The impression I have is that since lithium is everywhere, this is just a matter of the extraction industries scaling up and maturing for that specific mineral. There will be a lot of players, the price is destined to plummet as long as it continues being the mass-market electrolyte of choice.

Unlike with something like a rare earth metal, which no amount of extraction optimization can put within your borders if your continent is geologically unlucky.

Cobalt isn't used any more in mass-market, cheap EVs. Carmakers have begun to switch to lithium iron phosphate rather than lithium nickel manganese cobalt oxides.
Yes but this is more of a corner being cut. LFP batteries have lower energy densities and lower operating voltage. Also it's being spearheaded by only a handful of companies. Tesla and BYD alone account for 68% of LFP battery usage
That's not a corner being cut. I said it's being targeted at mass-market cheap EVs. It's just market differentiation. People who don't want to pay for "long range" EVs get cheaper batteries; what's wrong with that?
Fair enough. My point is that it's still an untested technology. Tesla drivers are reporting stuff like as much as 10% less range due to these batteries
It's old, pretty well tested technology with a much better lifespan and lower deterioration in capacity over time than normal lithium ion - it was just a little niche until recently because it had lower energy density than more common lithium ion technologies and was more expensive than lead acid. Mostly got used in electric buses and stationary (or sometimes boat) applications before, I think.
Tha does not sound like a bad trade-off at all, actually. :)
is anyone extracting commercially significant volumes of minerals from the Salton Sea yet?
Looks like 2024, at the earliest.[0] The relative speed to production is largely due to the fact that they're just refining the waste stream from already established geothermal power plants. As the old saying goes, "one power plant's trash is another refiner's treasure".

[0] https://www.desertsun.com/story/news/2022/05/13/lithium-vall...

I'm guessing that will never happen.

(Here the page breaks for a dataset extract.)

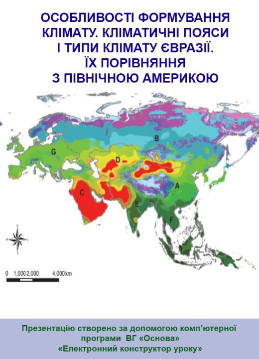Презентація в форматі. рpt плюс конспект у форматі. doc до уроку № 55. Особливості формування клімату. Кліматичні пояси і типи клімату Євразії. Їх порівняння з Північною Америкою. 7 клас

This is not the first time people have proposed mining it.

One problem is that, even without mining, it's on track to poising the air of something like 33% of the Los Angelos metropolitan area in the next few decades. So, anyone that touches it will now own that environmental disaster.

This can, and should, be fixed by spending huge amounts of federal money on environmental remediation, and I can imagine using lithium revenues to offset it, but none of that will be politically easy.

wouldn't it be way easier to just put some water in the Salton sea? Even saltwater would work.
Seriously I have no idea why we don't just fill the sink with sea water. It would get less salty.
I'm not sure if this comment is sarcasm or not? But it would get saltier as time goes on. Seawater goes in, water evaporates out. There is more salt at that point . But that is fine. Hypersaline lakes are everywhere. As long as they are kept wet it isn't a big deal.
The lake is currently more saline than seawater, so adding more seawater would dilute it. True, over time it would get saltier as the water in the seawater evaporates out. But then just add more seawater to dilute more haha...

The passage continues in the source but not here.